"Oh, Adobe. I've been an Adobe user for a very long time. My primary tool is Photoshop, which I have used daily since before there was a World Wide Web. I dabble with the other tools in Adobe's Creative Cloud suite. I primarily use Illustrator to create vector designs for my laser cutter, and Lightroom to enhance some RAW-format photos. My wife loved Adobe Express until they completely changed the UI one night. And I used Premiere, the Adobe video editing tool, until it crashed more than 100 times during one video. I switched to Apple's Final Cut Pro (which has a one-time fee) after that."
"A few years ago, a credible Adobe competitor, Serif Ltd., released its Affinity software suite. Affinity had a photo editor that competed with Photoshop and Lightroom, a vector design tool that competed with Adobe Illustrator, and a page layout tool that competed with Adobe InDesign. Each tool was sold for a one-time price of $50. I purchased the Affinity Photo editor, which I found to be quite powerful. But I have decades of Photoshop muscle memory. Something I could accomplish in Photoshop in minutes took me an hour in Affinity, not because Affinity was bad, but because I wasn't familiar with it. As time savings is super important for me, I stuck with Photoshop."

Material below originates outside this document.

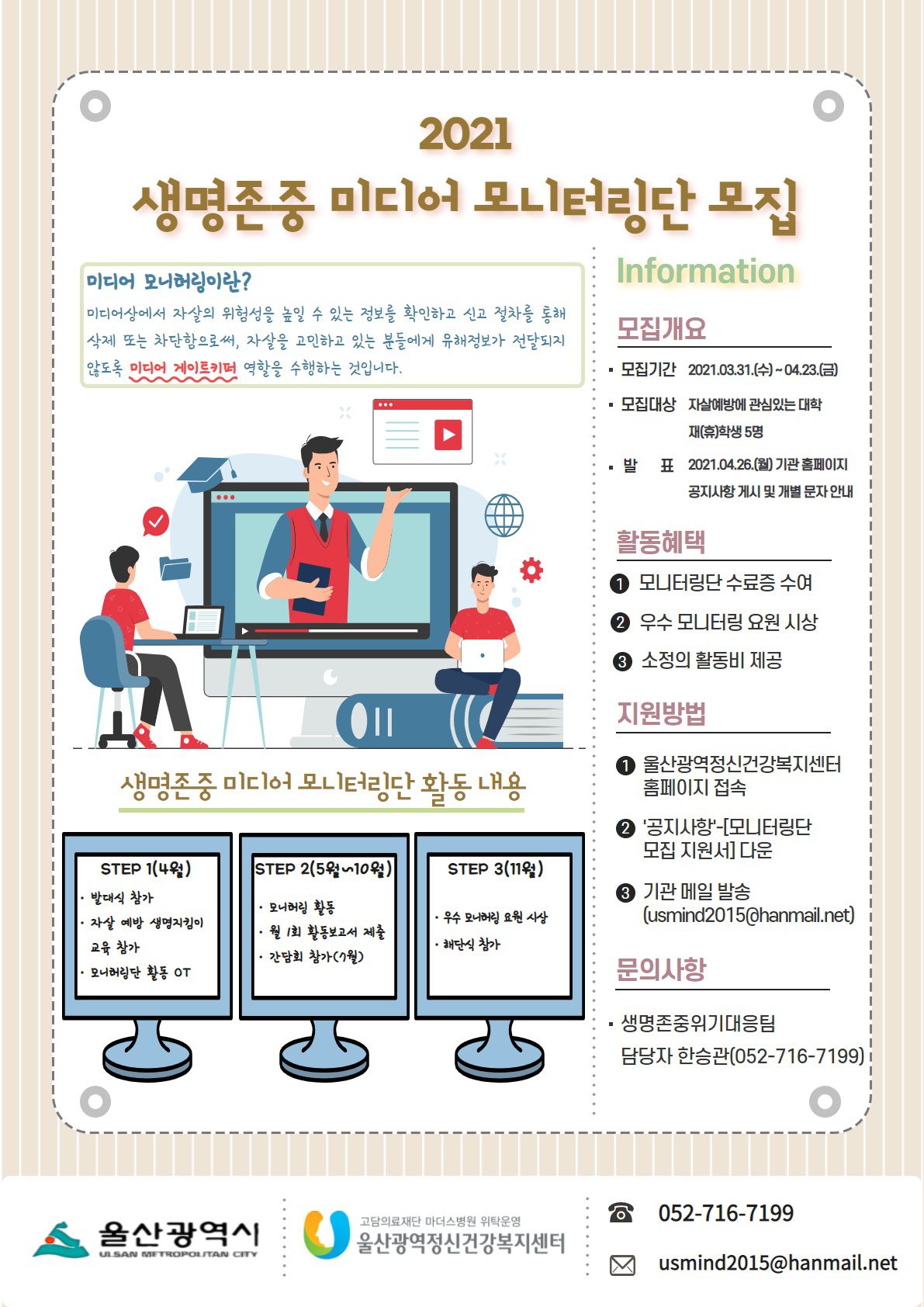 자살을 고민하고 있는 분들에게 유해정보가 전달되지 않도록 미디어 모니터링단을 모집합니다.

Photoshop remains a primary, heavily used tool with deep user muscle memory, influencing workflow choices. Adobe Creative Cloud pricing rose from $50 to $70 per month, exceeding $800 annually. Serif's Affinity suite offers one-time $50 apps that compete with Photoshop, Illustrator, and InDesign, presenting a lower-cost alternative. Affinity can be powerful but unfamiliar interfaces can slow tasks compared with Photoshop, preserving Photoshop for time-sensitive work. Canva introduced a free 'Creative Operating System' with AI design capabilities that, combined with Photoshop, can cost about half of Creative Cloud. Adobe Express UI changes and Premiere instability have prompted some users to switch to alternatives.